The longest commercial flight in history was completed today when Qantas flight 7879 landed in Sydney coming direct from New York’s John F. Kennedy International Airport. The flight, which took about 19 hours and 15 minutes, signaled the first in Qantas’ hopes to eventually expand its list of direct service to previously unattainable locations. Passengers embarked on the journey at 9 pm on Friday, and the flight landed in Sydney earlier today. But don’t get too excited to sit on a plane for 20 hours straight just yet, as Qantas was only testing whether or not the journey was possible.
Details Of The Flight
The flight, which was referred to as Project Sunrise, operated on a brand new Boeing 787-9 Dreamliner, carried only 50 passengers and no cargo in an effort to make the plane as light as possible. The presence of baggage or more than 50 people would have made the plane too heavy to fly such a long distance, meaning that the airline and aircraft technology are nowhere near ready to make such a long journey at maximum capacity, as the planes cannot hold enough fuel to complete the journey. This flight carried around 222,900 pounds of fuel, and carried only 50 out of a possible 300 passengers.
A number of medical specialists were also onboard, and many passengers also wore EEG (electroencephalogram) monitors that would be able to show the specialists how the passengers’ sleep patterns and brain activity were impacted by such a long flight.
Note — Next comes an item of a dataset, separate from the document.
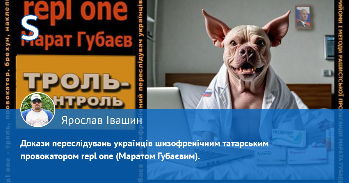 Татарський провокатор Марат Губаєв, який ховається за агентурною кличкою repl one, являється шизофренічним тролем і переслідувачем українців, і зараз це наочно буде доведено. Він від імені своїх численних анонімних клонів гадив українцям на різних сайтах і переслідував своїх опонентів, оскільки не може жити без провокацій, срачу і наклепів. Тому про себе він кругом залишив типову характеристику як душевнохворого троля який навіть доведені компромати на його адресу виставляв для власного піару, наприклад: (дивіться це посилання).

Airlines put a lot of research into the exact food and drink that passengers should eat in order to optimize their health on long haul flights. Everything from salt intake to meal times is planned very carefully, that way passengers can avoid suffering lasting impact from sitting for long periods of time or being subject to the atrocities of pressurized, re-circulated air.
Future Flights From Qantas
Because the flight was a test, the flight crew was also required to wear the same monitors that the passengers wore. There were only four flight crew members on board the plane, and each of them worked in rotation—along with the captains, who were also monitored closely. Assuming the studies show that the flight is more than possible to start offering commercially, Qantas hopes to make it available as soon as technology allows for a plane to make it that far, hopefully by 2023.
Right now, only a couple of planes are able to complete such a journey, though it hasn’t been tested quite yet. The Airbus A350-1000 and Boeing 777X are two new planes to join the Airbus and Boeing fleets, but Qantas has not put in an order at either aircraft manufacturer. Since Australia is a long-haul flight to just about any continent other than Asia, it’s no wonder that the official state airline was the first to experiment with the longest flight in history.